Culture Lesson: In France, one must have a blood test to get a loan on a house.

At first blush, I was horrified - what kind of police state was I living in? But once it was explained to me, it suddenly made perfect sense. Let me see what you think:

In France, one does not 'mortgage' a house. I.e., when you buy a house, it is yours. It does not belong to a bank or lending company until the last payment is made, it is yours from day one. This is in contrast to, for example, the practice in the U.S., where missing even one payment theoretically allows the bank to take your house. In France, your house, because it really is yours, cannot be taken from you.
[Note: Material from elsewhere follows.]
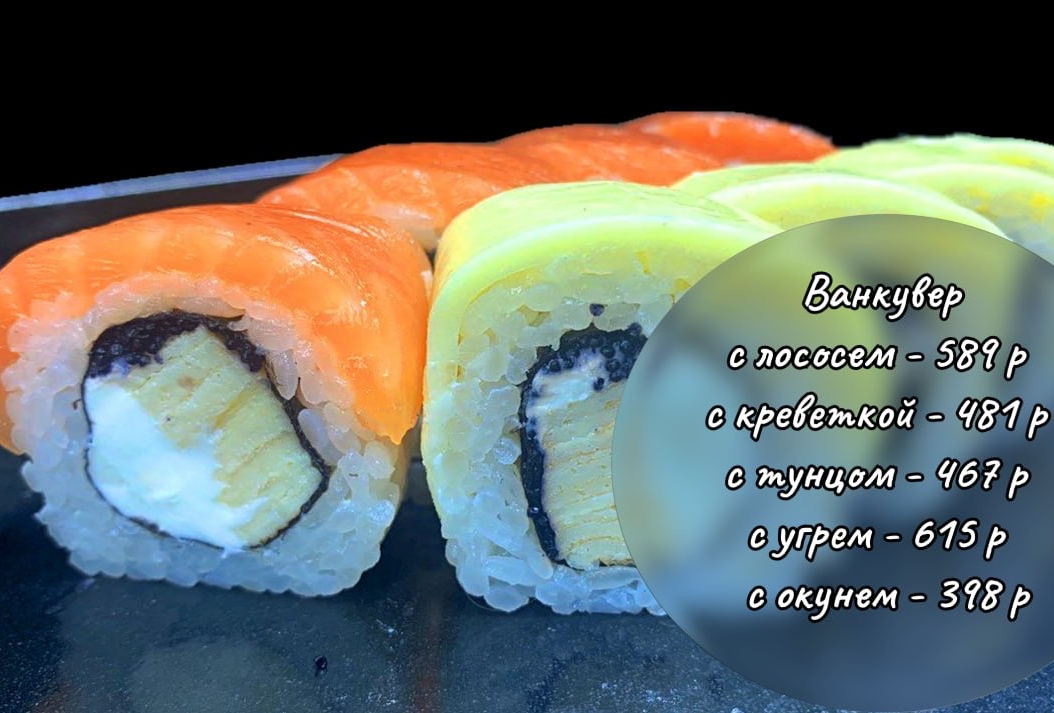 В состав ролла входит - нежный сливочный сыр, томаго омлет и сверху продукт на выбор.

But what does happen is that you owe someone, specifically the bank, a whole pile of money, for which they have nothing to show except a piece of paper on which you have stated "I owe you a whole lot of money". Enter the insurance.

Because the bank has a huge amount riding on your ability to pay off the debt you have with them, they require you to take out insurance on that debt. Thus, if you are killed or incapacitated, they still get their money. But the insurer then has to decide how risky it is to insure you. One of the ways they check? Blood test. All the usuals, in fact - apparently someone looking for a small business loan had to have a full medical workup, and my friend said that her husband, who is slightly older than she, pays more per month on his part of the insurance than she does.

So the blood test goes from being a completely bizarre scary police state type thing, to being something you can understand, and even in some ways appreciate. Does the system work better? I don't know. But I know that a system that doesn't allow people to be thrown out of their homes must have something good going for it.

cat commented:
hey you a little blood test does not hurt that much unless you are full of achaol or drugs, right.